The BIA did not abuse its discretion in denying Huang’s motion to reopen as untimely because the motion was filed over six years after the BIA’s final order, see 8 C.F.R. § 1003.2(c)(2), and Huang failed to present sufficient evidence of changed circumstances in China to qualify for the regulatory exception to the time limit for filing motions to reopen, see 8 C.F.R. § 1003.2(c)(3)(ii); Malty v. Ashcroft, 381 F.3d 942, 945 (9th Cir.2004) (“The critical question is ... whether circumstances have changed sufficiently that a petitioner who previously did not have a legitimate claim for asylum now has a well-founded fear of future persecution.”).

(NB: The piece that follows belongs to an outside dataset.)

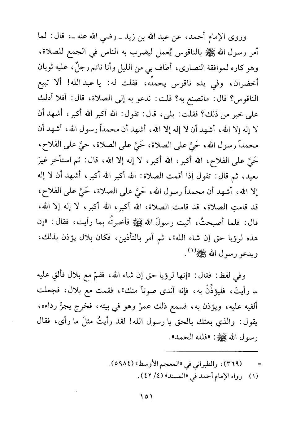 وروى الإمام أحمد، عن عبد الله بن زيد - رضي الله عنه -، قال: لما أمر رسول الله - صلى الله عليه وسلم - بالناقوس يُعمل ليضرب به الناس في الجمع للصلاة، وهو كاره لموافقة النصارى، أطاف بي من الليل وأنا نائم رجلٌ، عليه ثوبان أخضران، وفي يده ناقوس يحملُه، فقلت له: يا عبد الله! ألا تبيع الناقوس؟ قال: ما تصنع به؟ قلت: ندعو به إلى الصلاة، قال: أفلا أدلك على خير من ذلك؟ فقلت: بلى، قال: تقول: الله أكبر الله أكبر، أشهد أن لا إله إلا الله، أشهد أن لا إله إلا الله، أشهد أن محمدًا رسول الله، أشهد أن محمدًا رسول الله، حَيَّ على الصلاة، حَيَّ على الصلاة، حيَّ على الفلاح، حَيَّ على الفلاح، الله أكبر، الله أكبر، لا إله إلا الله، قال: ثم استأخر غيرَ بعيد، ثم قال: تقول إذا أقمت الصلاة: الله أكبر الله أكبر، أشهد أن لا إله إلا الله، أشهد أن محمدًا رسول الله، حَيَّ على الصلاة، حَيَّ على الفلاح، قد قامتِ الصلاة، قد قامت الصلاة، الله أكبر، الله أكبر، لا إله إلا الله، قال: فلما أصبحتُ، أتيت رسولَ الله - صلى الله عليه وسلم - فأخبرتُه بما رأيت، فقال: "إن هذه لرؤيا حق إن شاء الله"، ثم أمر بالتأذين، فكان بلال يؤذن بذلك، ويدعو رسول الله - صلى الله عليه وسلم - (١).

We reject Huang’s contention that the BIA misapplied Chen v. Mukasey, 524 F.3d 1028 (9th Cir.2008). See Chen, 524 F.3d at 1030-32 (a petitioner subject to a final order of removal must file a successive and untimely asylum application with the BIA subject to 8 U.S.C. § 1229a(c)(7), which does not include an exception to the time and number limits based on a change in personal circumstances). Huang’s contention that the BIA required her to show a “particular change” in country conditions is also unsupported by the record.
Finally, we do not reach Huang’s contention that she is prima facie eligible for relief because the BIA did not deny her motion on this basis. See Najmabadi, 597 F.3d at 986.
PETITION FOR REVIEW DENIED.
This disposition is not appropriate for publication and is not precedent except as provided by 9th Cir. R. 36-3.